If the (sum less than zero) line becomes zero for any particular pixel to be drawn, and the iteration counter is not less than zero, the system moves from state 3 to state 4 at which point the absolute value of the quantity stored in RB register 156 is subtracted from the value of the error stored in RC register 162 with the result being stored back in RC register 162. The Y value is incremented and the iteration counter is decreased by one.

If the next pixel also indicates a sum less than zero in active, indicating a further Y coordinate increment, the system loops in state 4 until such Y steps have been completed. When the (sum less than zero) line becomes active again, the system returns control to state 3 and additional pixels are drawn as described above until the iteration counter becomes less than zero at which time the process is terminated and control returns to the idle state zero.

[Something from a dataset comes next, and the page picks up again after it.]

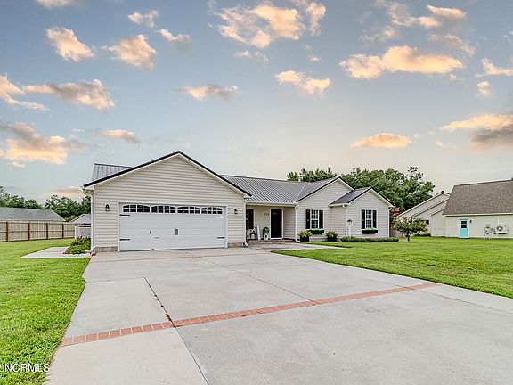 Welcome home to Villa Park with NO HOA's! This beautiful 3 bedroom 2 bath home offers great curb appeal with extended front porch with a cobblestone look. Metal roof 2018 with 40 year transferable warranty. Newer HVAC installed 2020. Recent updates include LVP flooring in main living area & fresh paint throughout the home. Enjoy the screened in back porch & large backyard with a workshop on it's own cooling & heating system with tons of storage. Conveniently located to HWY 172 back gate to base, beaches & historical Swansboro!

If after the second setup state, state 2, the (sum less zero) line is inactive, indicating a Y increment, then control is passed directly from state 2 to state 4 and the first pixel to be drawn is controlled by state 4 rather than state 2 and the process continues as described above.

The method of the present invention provides a more efficient method for setting up a vector generator by reducing the number of setup states from 4 or 5 in the prior art to the two setup states required by the method and apparatus of the present invention.

Thus, while the invention has been described with reference to preferred embodiments thereof, it will be understood by those skilled in the art that various changed in form and details may be made without departing from the scope of the invention.